Fungi are talking to each other.
OK, maybe I'm exaggerating a little. But, like, a little, and maybe even not at all. Fungi are, possibly quite literally, talking to each other, using neuronal-like interfaces. In other words, they're acting like the neurons of your brain, but for entire communities and ecosystems, and with signals closely resembling human speech.
Let me explain.
For a while, it has been known that fungal mycelia - the underground, spiderweb-like bodies of fungi - produce spikes of electricity. In fact, many organisms other than vertebrates do this, if often chemically. But what these spikes were, or what they might mean in fungi, was not known - until now.
Andrew Adamatzky, a computer scientist, knew about these electrical spikes in fungi and wondered if there was anything special to them. So he stuck some electrodes, or probes that detect electricity, into substrate colonized by mycelia or directly into the fungi themselves. He studied 4 species: Omphalotus nidiformis (ghost fungus), Flammulina velutipes (Enoki fungus), Schizophyllum commune (split-gill fungus), and Cordyceps militaris (caterpillar fungus). He measured various qualities of the electrical spikes the fungi generated and compared them for differences and similarities between species. Assuming the electrical signals carried information, he then compared them with human language to see if there was any similarity. There was astonishing similarity.

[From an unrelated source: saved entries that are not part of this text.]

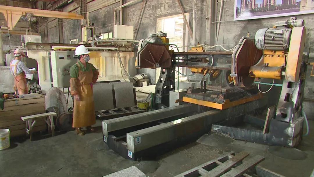 “我们去年在这儿搞了一个破碎厂,破碎厂把整个园区的废渣集中到里,统一成建筑用的砂石料,再把它销售出去。这样整个园区的废渣废粉,特别是石材行业的,基本上做到了循环利用。”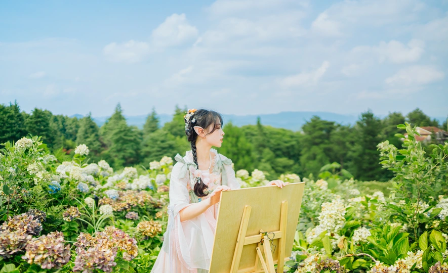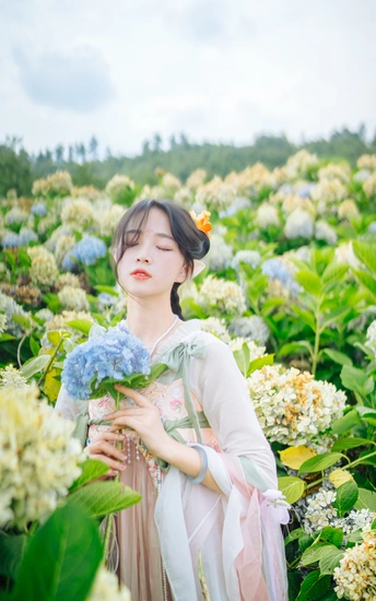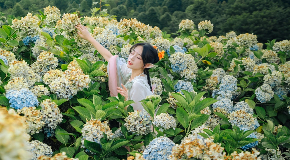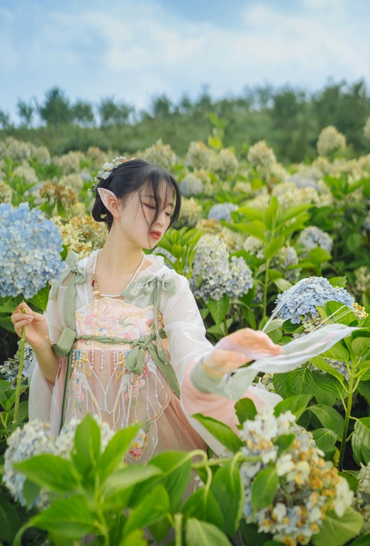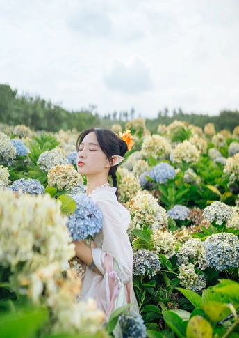 晚风和山谷一一就位,绣球开得肆无忌惮, 你说那是精灵世界的云朵
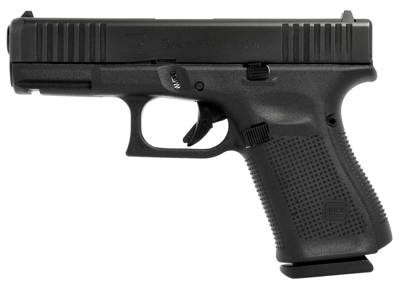 Pistole GLOCK 19 Gen. 5 s dvouřadým zásobníkem je v ráži 9x19. Pistole je snad nejčastější volbou střelců pro denní nošení a sebeobranu. Standardně jsou pistole Glock dodávány v sadě s 2 ks zásobníků na 15 nábojů. Dále je dodáván s kufříkem na zbraň, základním čištěním a výměnnými hřbety s bobřím ocasem o dvou rozdílných šířkách aby sedly každé ruce (výměnný dlouhý pin a nástroj pro výměnu hřbetů). Model 19 je častou volbou střelců, kteří chtějí spolehlivou a pohodlnou zbraň pro sebeobranu a zájmovou střelbu na střelnici. Zbraň má služební rozměry (policejnívelikost pistole - Compact) a nízkou hmotnost.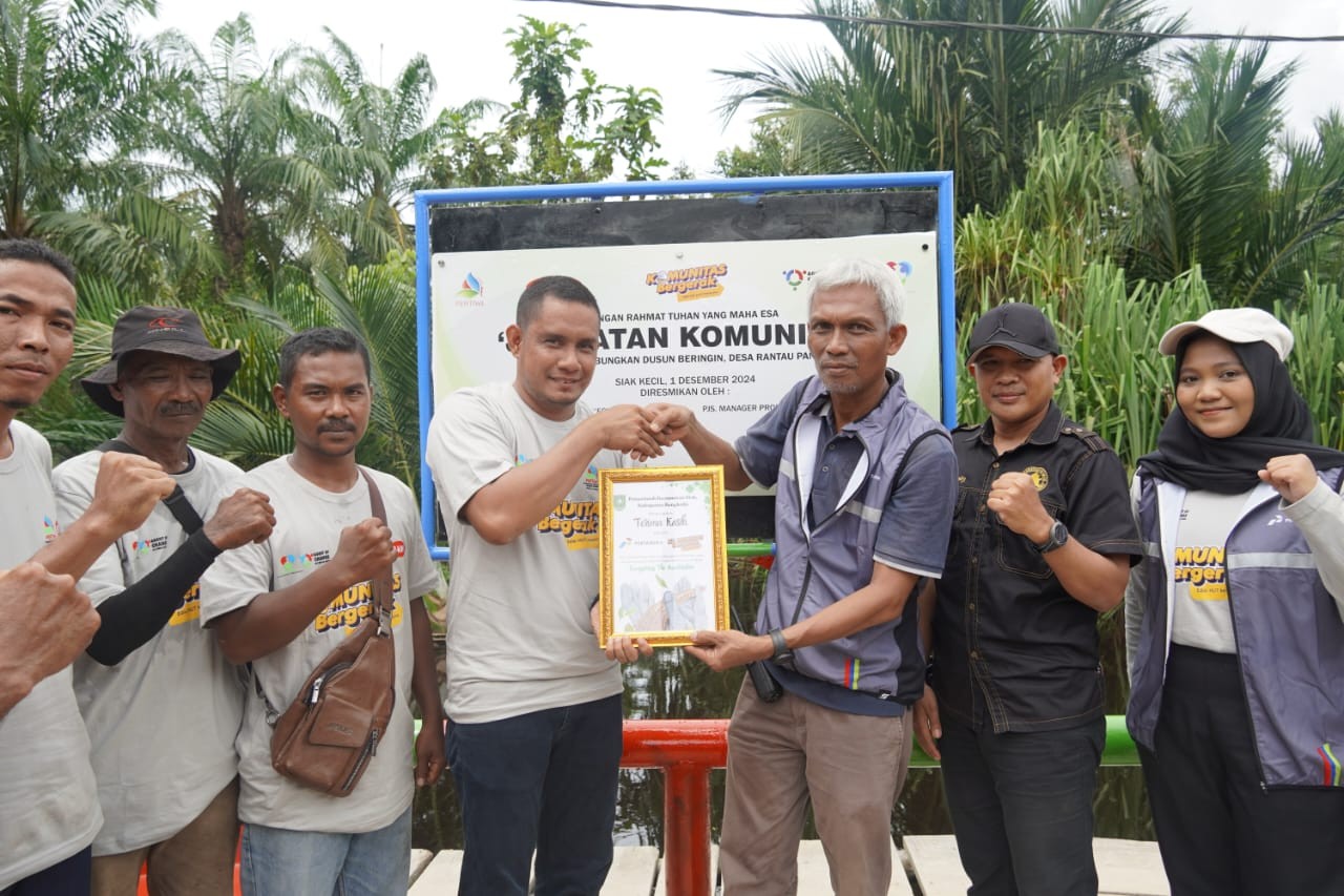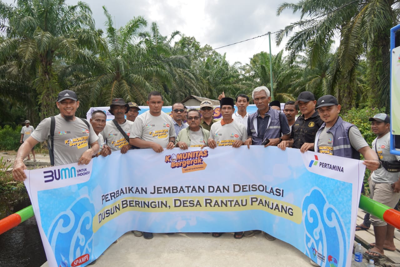 SIAKKECIL – Dalam rangka memperingati HUT Pertamina ke-67 dengan tema "Energizing the Acceleration," PT Kilang Pertamina Internasional RU II Sungai Pakning (KPI RU II SPK) meresmikan pembangunan Jembatan Dusun Beringin di Desa Lubuk Muda, Kecamatan Siak Kecil, Kabupaten Bengkalis. Jembatan ini merupakan salah satu bentuk kontribusi perusahaan dalam mendukung keberlanjutan dan peningkatan ekonomi masyarakat dengan menyediakan akses yang lebih mudah bagi warga untuk mengangkut hasil kebun mereka, (30/11/2024).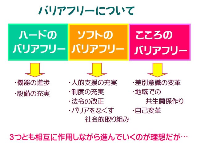 進むことはいいんですが、わたしはそのことによる危惧を2点感じています。一つは、その恩恵を受けることができる人が満足してしまい、バリアフリー改善の志を失ってしまうこと。もう一つは、社会が「これだけ機器・設備面でのバリアフリーが進んだのだから、あとは障害者の能力の問題。能力なき障害者はダメな存在」と見なす風潮が広がることです。それは相対的に、制度面や心の面でのバリアフリーの後退につながります。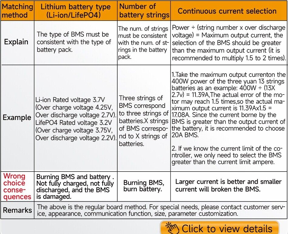 What current BMS you choose is depend on your E-bicycle motor power and current limitation of controller,eg.16A for 350W and below, 25A for 500W and below, 35A for 800W and below, 60A for 1000W and below, over 1200W are contact with our service specialist for suggestion, continue current shall be higher than current limitation in controller.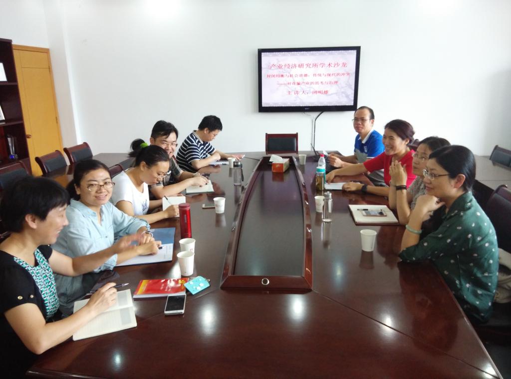 2016年9月28日上午8点,17吃瓜网 学术沙龙(2016年第6期)在11#412会议室如期举行。学术沙龙由产业经济研究所所长胡求光教授主持,产业经济研究所闭明雄博士做了精彩的学术报告。17吃瓜网 副院长杨丹萍教授、产业经济研究所教师和部分同学参加了此次学术活动。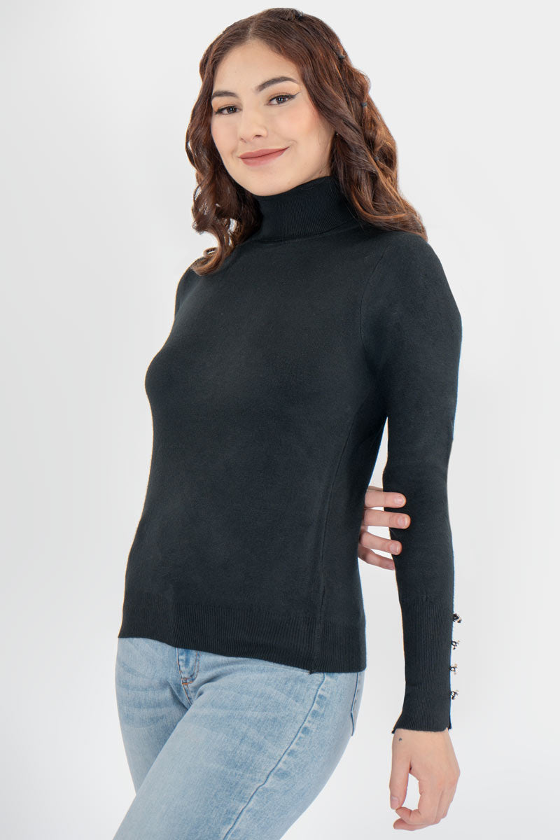 Suéter de cuello ruso con botones en mangas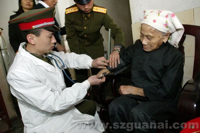 平湖街道辦事處婦聯主席、平湖巾幗互助會會長、平湖駐軍醫生慰問孤寡老人97歲孤寡老人黃榮泰(程海昆)

Figure 1: From article: Photographs of pairs of differential electrodes inserted in (a) C. militaris, the block of a substrate colonized by the fungi was removed from the plastic container to make a photo after the experiments, (b) S. commune, the twig with the fungi was removed from the humid plastic container to make a photo after the experiment, (c) F. velutipes, the container was kept sealed and electrodes pierced through the lid.
He compared the signals to several languages, including English and Russian, whose average word lengths were comparable to the average word lengths of the fungi. S. commune had the longest average word length. The electrical spikes, or "words", often appeared in "trains" of spikes, which were similar to sentences. The "words" and "sentences" were measured as number of electrical spikes, interval between spikes (in minutes), and amplitude (wave height on a graph) of spikes. Some species also showed more diversity in their spikes than others.
Not only were these fungal "languages" similar to the European languages with which they were compared, they exceeded those languages in complexity. Then again, cellular signaling pathways are about as complex as incomprehensible (for those who haven't studied them, anyway). But the key difference here is the nature of the signals, which more closely resemble signals between neurons in the vertebrate brain than direct cause-effect relationships. And if we consider inter- and intra-species communication, we may be on to something.
Figure 2: Various ciliates. Ciliates of different species communicate via intra- and inter-cellular pathways, if mostly for self-propagation.
Figure 3: Ants engage in complex communication with each other and with other species who can understand them. Considering the complexity of ant societies, ant colonies may be organisms unto themselves.
Credit: Retro Lenses, Wikimedia Commons, CC-BY 4.0.
Figure 4: Bees engage in complex signal communication, using their movements of their abdomens to indicate to other members of the hive where food and resources are. The most well-known communication system is the waggle dance, shown here (waggle dance - doesn't that sound cute?).
Credit: Figure design: J. Tautz and M. Kleinhenz, Beegroup Würzburg - derivative work: Anaxibia. Wikimedia Commons, CC-BY-SA 2.5.
Figure 5: Plants communicate in myriad ways, including sign-mediated communication, chemical signals, and mycorhizzal networks. Adamatzky cites the recent movement toward using the conceptualization of plant communication as language as a way to de-objectify plants as living, valuable beings and not just useful objects (a paradigm we should definitely adopt!)
Credit: Public domain.
Take the fungi in Adamatzky's article, for example. Mycorhizzal fungi are already known to form symbiotic relationships with trees and other plants through which nutrients, resources, and possibly information are exchanged. Although Adamatzky's fungi are not mycorhizzal, the fact that they produce complex signals possibly carrying information may indicate that other types of fungi do as well. Since mycorhizzal networks cover entire landscapes and ecosystems, this could have big implications. And if similar information is being transferred between vastly different organisms across great distances - we might have a brain in our hands.
Granted, it's a stretch. We can't jump to conclusions, and a healthy dose of skepticism is good for research. After all, Adamatzky's fungal electricity may carry no information at all. But at the same time, we must be open-minded. Dismissing evidence and possibilities just because they "sound ridiculous/impossible" is also a bad move for progress.
After all, we already know that Terra is a living organism. Could she be conscious as well?